SUPPLIED MATERIAL –
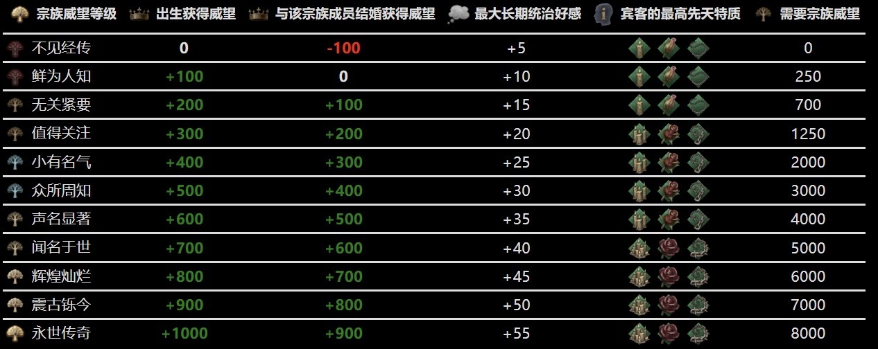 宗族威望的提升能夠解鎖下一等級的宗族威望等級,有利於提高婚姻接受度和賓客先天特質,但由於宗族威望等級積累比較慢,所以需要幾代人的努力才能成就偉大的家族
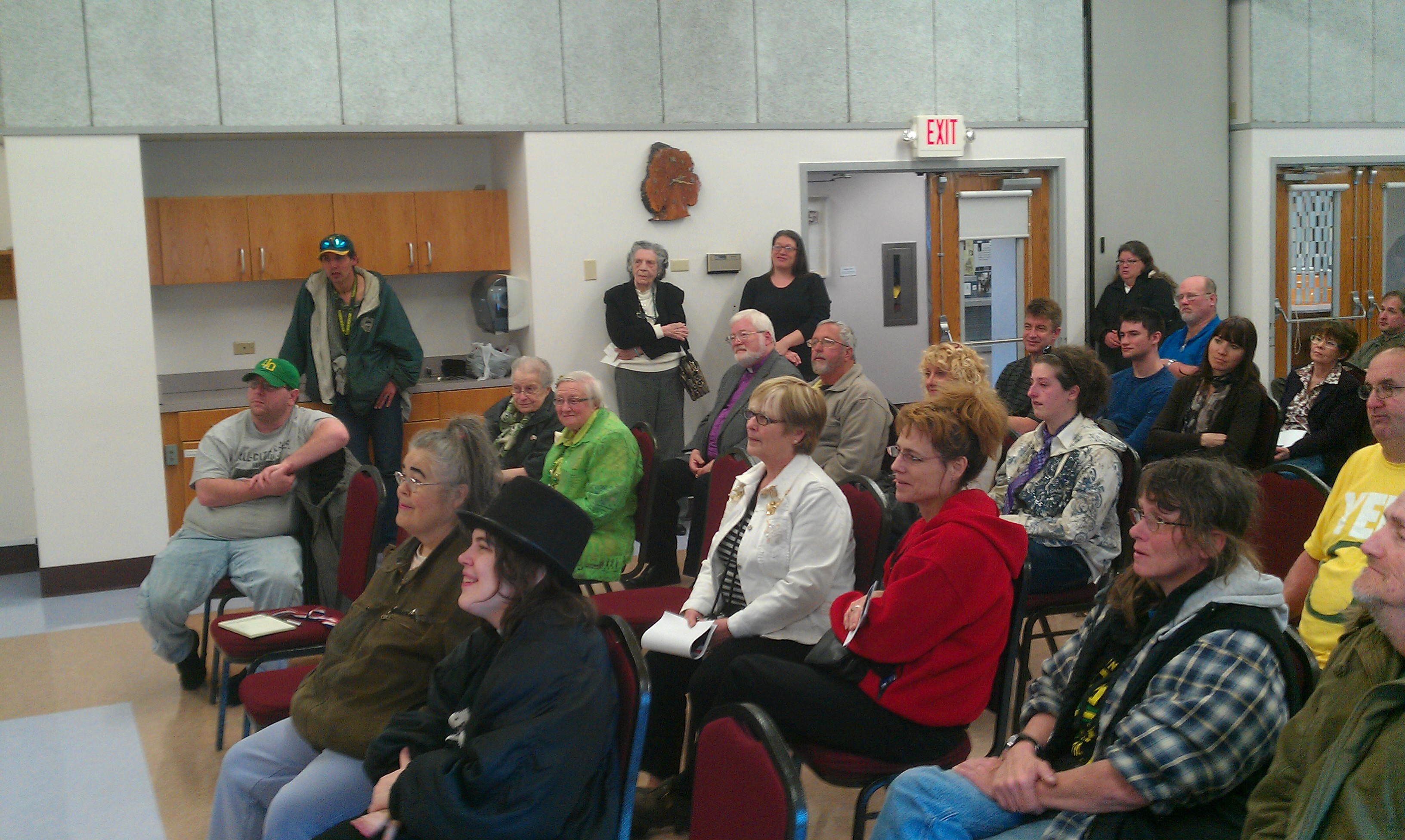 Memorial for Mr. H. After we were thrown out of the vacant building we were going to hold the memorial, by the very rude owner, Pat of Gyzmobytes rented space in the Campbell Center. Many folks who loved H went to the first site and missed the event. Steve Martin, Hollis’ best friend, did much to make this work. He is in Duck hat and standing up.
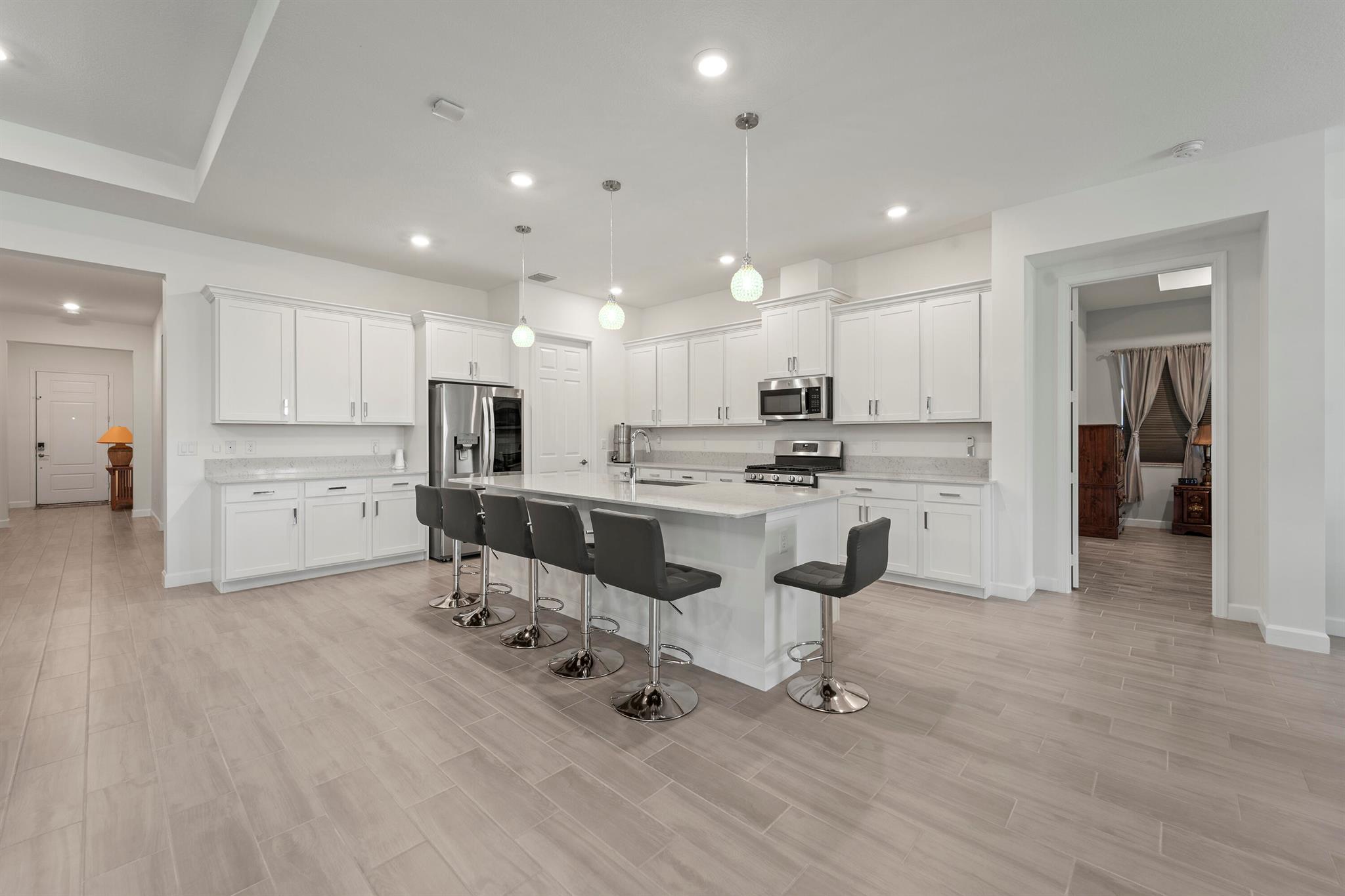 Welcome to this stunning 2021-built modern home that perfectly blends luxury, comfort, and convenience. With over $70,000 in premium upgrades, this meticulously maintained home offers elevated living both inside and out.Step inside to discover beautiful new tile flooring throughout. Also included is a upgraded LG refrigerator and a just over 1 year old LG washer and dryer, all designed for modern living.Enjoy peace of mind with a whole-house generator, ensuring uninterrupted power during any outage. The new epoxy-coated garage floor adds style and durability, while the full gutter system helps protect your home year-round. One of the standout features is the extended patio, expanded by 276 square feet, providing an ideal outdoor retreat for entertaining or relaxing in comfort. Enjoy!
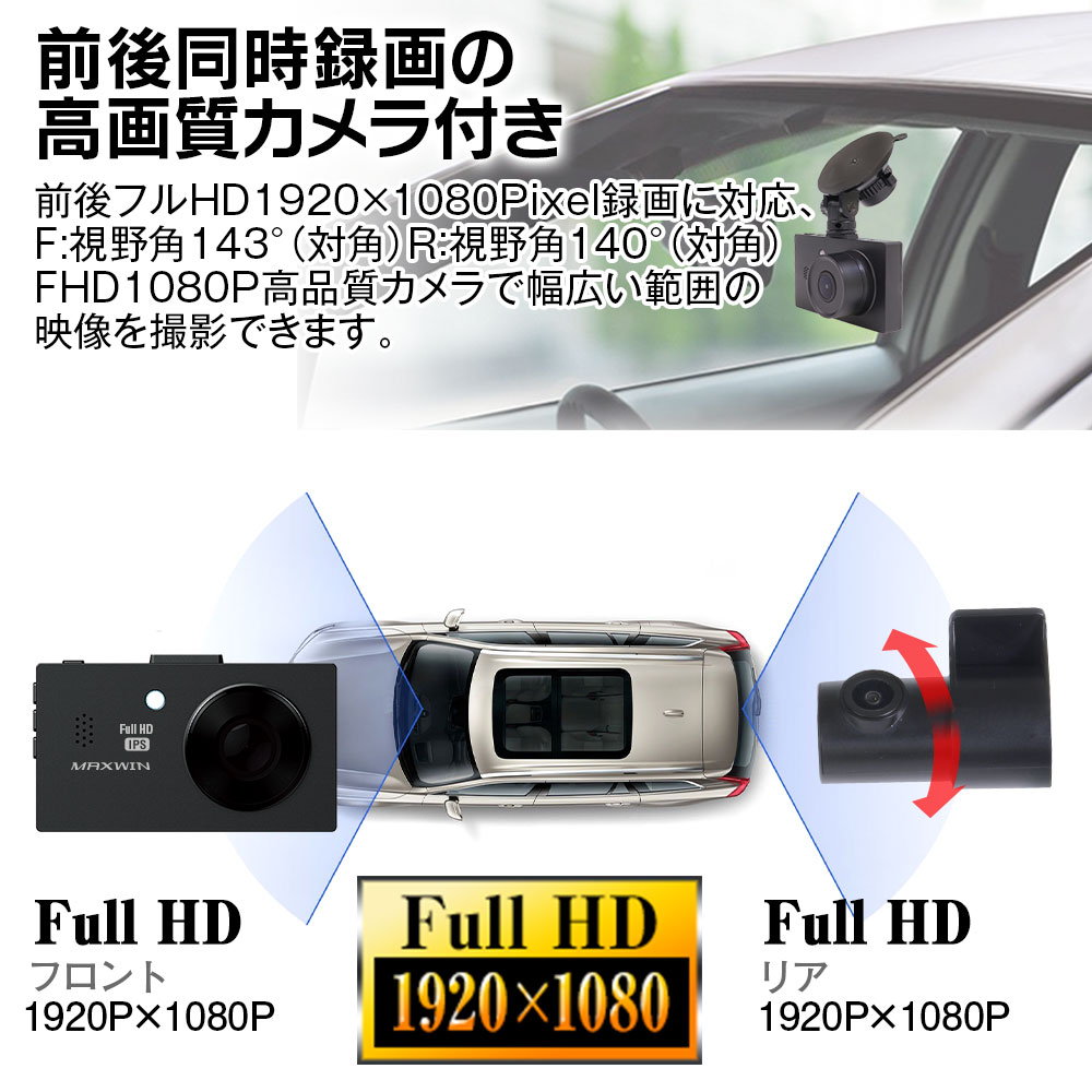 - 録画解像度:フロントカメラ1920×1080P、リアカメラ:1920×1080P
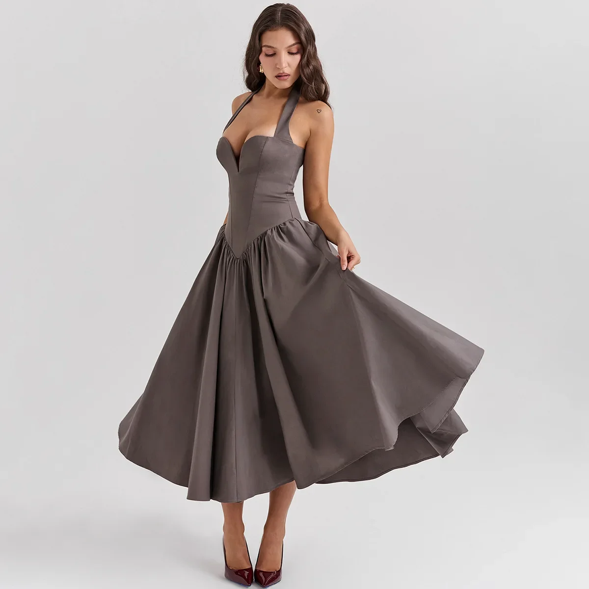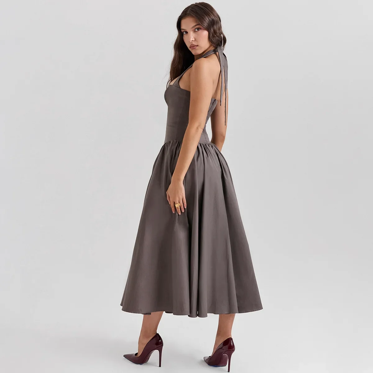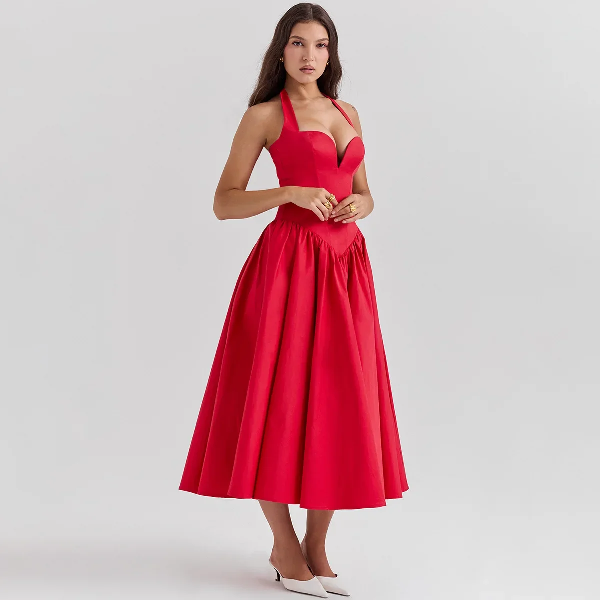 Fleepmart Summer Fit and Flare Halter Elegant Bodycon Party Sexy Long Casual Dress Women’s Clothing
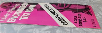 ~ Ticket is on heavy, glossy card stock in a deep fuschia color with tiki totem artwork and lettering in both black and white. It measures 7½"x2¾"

PROBLEM DESCRIPTION – Give the records above again verbatim, pictures omitted.

TASK RESPONSE –
 宗族威望的提升能夠解鎖下一等級的宗族威望等級,有利於提高婚姻接受度和賓客先天特質,但由於宗族威望等級積累比較慢,所以需要幾代人的努力才能成就偉大的家族
 Memorial for Mr. H. After we were thrown out of the vacant building we were going to hold the memorial, by the very rude owner, Pat of Gyzmobytes rented space in the Campbell Center. Many folks who loved H went to the first site and missed the event. Steve Martin, Hollis’ best friend, did much to make this work. He is in Duck hat and standing up.
 Welcome to this stunning 2021-built modern home that perfectly blends luxury, comfort, and convenience. With over $70,000 in premium upgrades, this meticulously maintained home offers elevated living both inside and out.Step inside to discover beautiful new tile flooring throughout. Also included is a upgraded LG refrigerator and a just over 1 year old LG washer and dryer, all designed for modern living.Enjoy peace of mind with a whole-house generator, ensuring uninterrupted power during any outage. The new epoxy-coated garage floor adds style and durability, while the full gutter system helps protect your home year-round. One of the standout features is the extended patio, expanded by 276 square feet, providing an ideal outdoor retreat for entertaining or relaxing in comfort. Enjoy!
 - 録画解像度:フロントカメラ1920×1080P、リアカメラ:1920×1080P
 Fleepmart Summer Fit and Flare Halter Elegant Bodycon Party Sexy Long Casual Dress Women’s Clothing
 ~ Ticket is on heavy, glossy card stock in a deep fuschia color with tiki totem artwork and lettering in both black and white. It measures 7½"x2¾"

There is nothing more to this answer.